Le journaliste, qui a pris connaissance d’un document confidentiel de vingt pages rassemblant les conclusions de l’enquête multifactorielle sur les troubles des abeilles de l’Agence française de sécurité sanitaire des aliments (Afssa), s’attend avec raison à ce que « les conclusions de l’enquête [provoquent] des remous car elles ne recouvrent pas le diagnostic des apiculteurs »…En tout cas de ceux qui affirment encore aujourd’hui que la mortalité des colonies d’abeilles et la baisse de production du miel sont dues à deux insecticides, l’imidaclopride (Gaucho) et le fipronil (Régent TS) – c’est-à-dire principalement la Coordination apicole, qui regroupe quelques apiculteurs vendéens conduits à l’origine par l’ancien vice-président de l’Union nationale de l’apiculture française (Unaf), Maurice Mary. La Coordination apicole a d’ailleurs toujours refusé de participer à l’enquête multifactorielle de l’Afssa.
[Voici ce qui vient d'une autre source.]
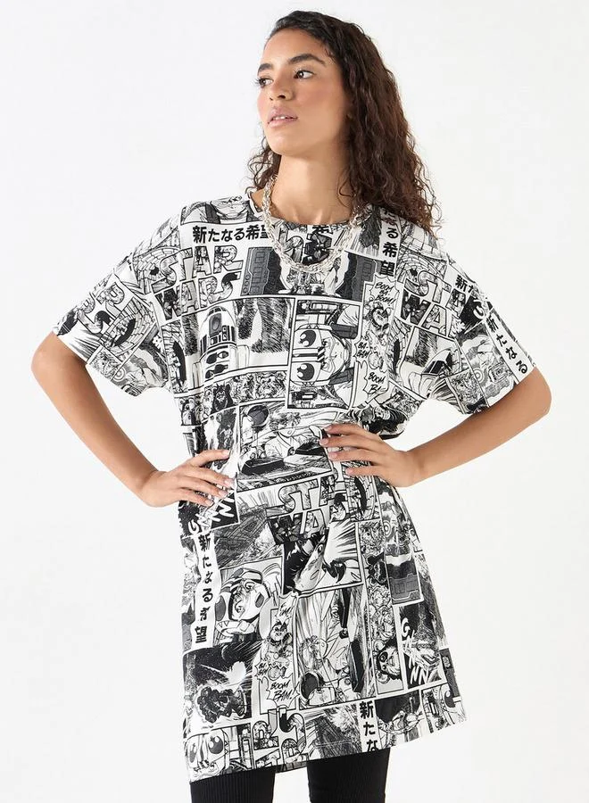 Peanuts Print Crew Neck T-shirt with Short Sleeves

Pourtant, « le protocole de l’enquête multifactorielle prospective a été conçu pour mettre en évidence les effondrements massifs et subits de colonies tels que ceux qui avaient été décrits par la filière apicole et répercutés par les médias. Selon ces témoignages, ces effondrements étaient consécutifs à l’exposition des ruchers aux cultures de tournesol », peut-on lire dans le document de l’Afssa. Or, « ni au cours de miellées de tournesol, ni à aucun autre moment de la saison apicole (à l’exception d’un cas), nous n’avons constaté de mortalités ou de dépopulations massives de ruches […] Dans le cas unique où nous avons constaté une mortalité massive d’abeilles, la recherche de résidus de produits phytosanitaires a montré la présence d’endosulfan et de fluvalinate dans les abeilles mortes. » Le fluvalinate, tout comme le coumaphos, dont des résidus importants ont été retrouvés sur les abeilles mortes, sont « utilisés par les apiculteurs pour lutter contre les maladies causées par le varroa, un acarien parasite qui a envahi les ruches du monde entier à partir des années 1990 », explique Yves Miserey. D’où le fait que l’équipe de l’Afssa incrimine clairement aussi l’usage de « plusieurs pratiques apicoles inadaptées. Parmi celles-ci, l’utilisation de produits non homologués pour le traitement de la varroase. » Une observation à mettre en parallèle avec le manque de formation de certains apiculteurs, régulièrement dénoncé par le Syndicat des producteurs de miel français (SPMF).
Le dernier volet de l’enquête de l’Afssa porte sur le manque de nourriture (de nectar mais surtout de pollen, qui apporte les protéines nécessaires au développement des jeunes larves), qui est du à l’uniformisation des paysages agricoles. « Les anomalies concernant l’alimentation des abeilles, qui ont été suspectées en raison de la situation de certains ruchers, ont pu avoir des conséquences sur la santé des colonies », avancent les chercheurs de l’agence de santé. Des propos que conteste l’apiculteur vendéen Frank Aletru. « Chez nous en Vendée, la diversité végétale augmente et pourtant le problème persiste ! », affirme-t-il dans le numéro de Science & Vie de février 2007. C’est bien là le hic, puisque ni le Gaucho ni le Régent ne sont utilisés en Vendée depuis 2005 !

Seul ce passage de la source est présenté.